In next section, we will convert our problem into a saddle-point seeking problem and develop a projected primal-dual $\varepsilon$ -subgradient method with rigorous solvability analysis.

4 Main Result

To begin with, we rewrite problem (1) into an alternative form as that in [10, 16]:

$\displaystyle\min~{}~{}$	$\displaystyle\tilde{f}({\bf x})=\sum_{i=1}^{N}f_{i}(x_{i})$
s.t.	$\displaystyle L{\bf x}={\bf 0}_{N}$	(2)
	$\displaystyle{\bf x}\in\tilde{X}\triangleq X_{1}\times\dots\times X_{N}$

where ${\bf x}=\mathrm{col}(x_{1},\,\dots,\,x_{N})$ and $L$ is the Laplacian of graph $\mathcal{G}$ . Note that $L$ is symmetric and positive semi-definite with its ordered eigenvalues as $0=\lambda_{1}<\lambda_{2}\leq\dots\lambda_{N}$ under Assumption 2 by Theorem 2.8 in [17].

Consider the augmented Lagrangian function of problem (4):

\displaystyle\Phi({\bf x},\,{\bf v})=\tilde{f}({\bf x})+{\bf v}^{\intercal}L{\bf x}+\frac{1}{2}{\bf x}^{\intercal}L{\bf x}

(3)

with ${\bf v}=\mbox{col}(v_{1},\,\dots,\,v_{N})\in\mathbb{R}^{N}$ . By Proposition 3.4.1 in [3], if $\Phi$ has a saddle point $({\bf x}^{*},\,{\bf v}^{*})$ in $\tilde{X}\times\mathbb{R}^{N}$ , then ${\bf x}^{*}$ must be an optimal solution to problem (4), which in turn provides an optimal solution to (1).
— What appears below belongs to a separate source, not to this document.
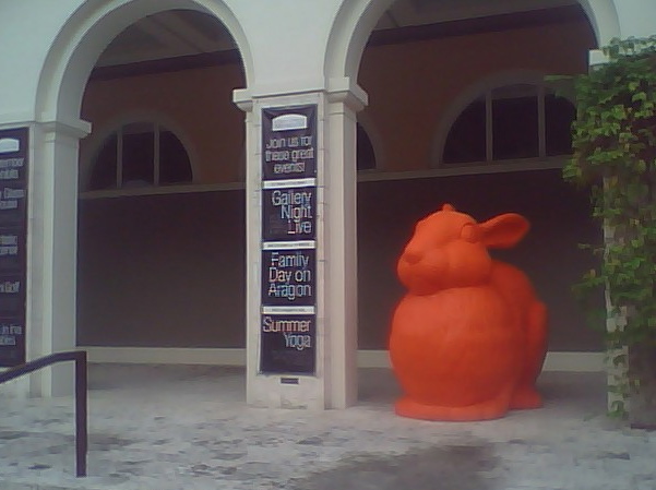 Anyway. What’s done is done. The three highlights of my stay were seeing this orange rabbit (a reminder to us all of dangers of GMO carrots), passing a store called Coral Gables Juice Bar & Muscle Pizza (???), and visiting Books & Books, which, coincidentally, is not a part of Miracle Mile and (not coincidentally) wonderful.
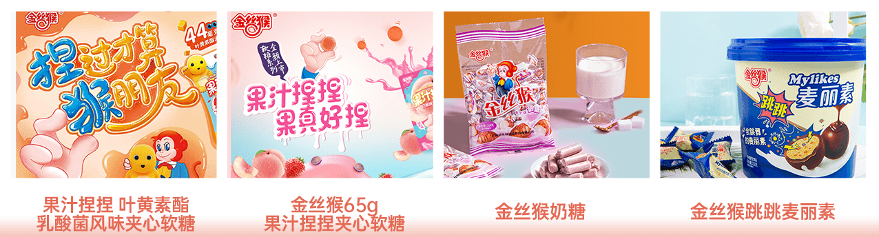 | 上海金絲猴食品股份有限公司是創(chuàng)立于1992年的中國糖巧休閑食品企業(yè)。金絲猴食品倡導“甜蜜文化”,致力于為消費者提供高品質、創(chuàng)新的休閑食品。旗下主要有糖果系列、巧克力系列、烘焙系列、鹵制品系列、喜鋪系列。

Since the Slater’s condition holds under Assumption 1, such saddle points indeed exist by virtue of Theorems 3.34 and 4.7 in [18]. Thus, it suffices for us to seek a saddle point of $\Phi$ in $\tilde{X}\times\mathbb{R}^{N}$ .

Following this conversion, many solvability results on problem (1) have been presented when the exact gradient or subgradient of $f_{i}$ is available, e.g., [19, 20, 16, 10, 21, 14]. However, whether and how $\varepsilon$ -subgradient algorithms can be derived has not been discussed yet. To this end, we are motivated by aforementioned saddle-point seeking designs and present the following dynamics:

\displaystyle\begin{split}x_{i}(k+1)&=P_{X_{i}}[x_{i}(k)-\alpha_{k}(g_{i}(k)+\hat{x}_{i}(k)+\hat{v}_{i}(k))]\\ v_{i}(k+1)&=v_{i}(k)+\alpha_{k}\hat{x}_{i}(k)\end{split}

(4)

where $\hat{x}_{i}(k)\triangleq\sum_{j=1}^{N}a_{ij}(x_{i}(k)-x_{j}(k))$ , $\hat{v}_{i}(k)\triangleq\sum_{j=1}^{N}a_{ij}(v_{i}(k)-v_{j}(k))$ , and $g_{i}(k)\in\partial_{\varepsilon_{k}}f_{i}(x_{i}(k))$ with parameters $\varepsilon_{k},\,\alpha_{k}>0$ to be specified later. It can be taken as a constrained version of algorithms in [19, 20]. Different from similar primal-dual designs in [10, 16], we do not require the differentiability of these objective functions or their exact gradients.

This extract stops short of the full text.